A: The preceding metrics may have large values due to the following reasons:
- Indexes and primary key indexes are created for a large number of columns.
- The length of a value in index columns is large, or the total length of all values in an index column is large. For example, the value of an index column is a long string.
- The number of distinct values in index columns is large. This results in a low index compression ratio. For example, Index Column A has four distinct values: A1, A2, A3, and A4. Data is difficult to be compressed, which results in a low index compression ratio.
- The length of a value in the primary key is large or multiple columns comprise a composite primary key.
Q: A large response time is displayed on the Monitoring and Alerts page, but no corresponding time-consuming SQL statements are found on the Diagnostics and Optimization page. Why?
A: A large amount of query result data requires an extended period of time to cache the result set. However, the total duration that is displayed on the Diagnostics and Optimization page consists of the queuing time, execution plan duration, and execution duration, excluding the cache duration of the result set. We recommend that you view the corresponding time-consuming SQL statements on the SQL Audit page.

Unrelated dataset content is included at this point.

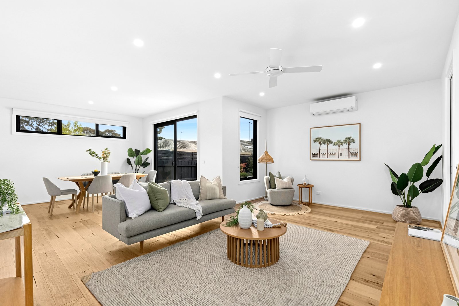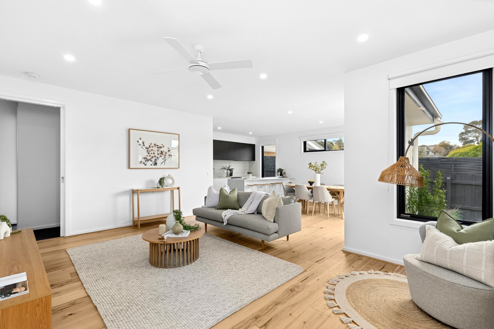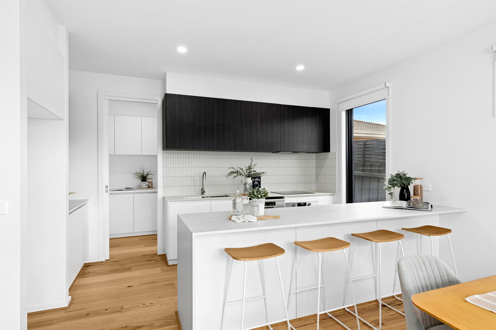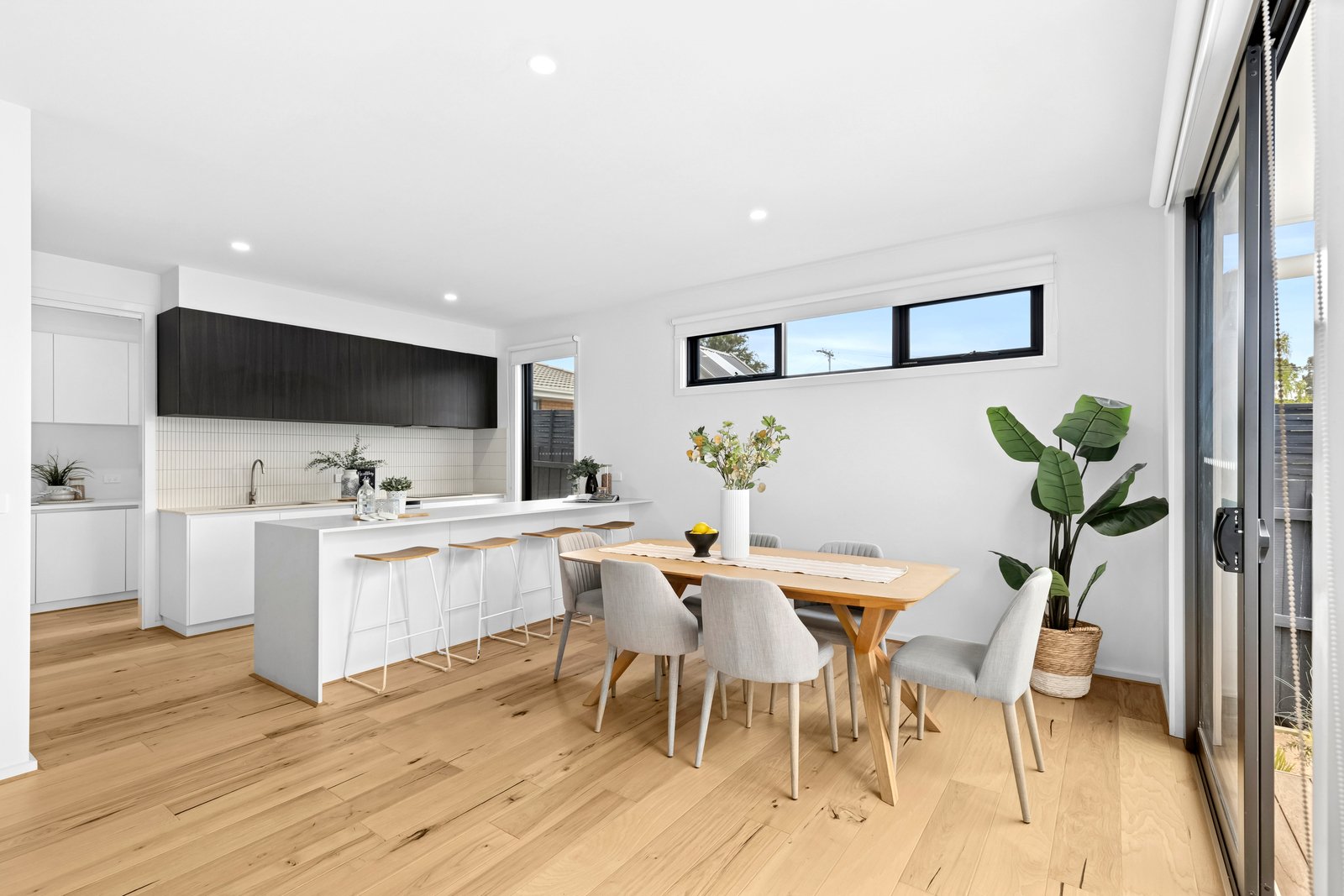 Set back from the road, the home enjoys a secluded setting, amongst beautifully landscaped gardens. Stepping into a wide entry hall, fresh white interiors, square set ceilings, and engineered timber flooring introduce the elegant theme within. The open plan kitchen, dining and living area is bathed in natural light, with glass sliders opening up to the courtyard for seamless indoor-outdoor living and entertaining. The high-quality kitchen features waterfall stone benchtops, sleek contemporary cabinetry, Westinghouse appliances including 600mm electric oven, induction cooktop, dishwasher, ample bench space and generous storage with a large walk-in pantry.

References and related operations

References

Cluster performance optimization

Related operations

Operation	Description
DescribeDBClusterHealthStatus	Queries the health status of an AnalyticDB for MySQL Data Lakehouse Edition cluster.
DescribeDBClusterPerformance	Queries the performance data of an AnalyticDB for MySQL Data Lakehouse Edition cluster.
DescribeComputeResourceUsage	Queries the monitoring information about resource groups within an AnalyticDB for MySQL Data Lakehouse Edition cluster.
DescribeDBClusterPerformance	Queries the performance data of an AnalyticDB for MySQL Data Warehouse Edition cluster.
DescribeDBClusterResourcePoolPerformance	Queries the monitoring information about resource groups within an AnalyticDB for MySQL Data Warehouse Edition cluster.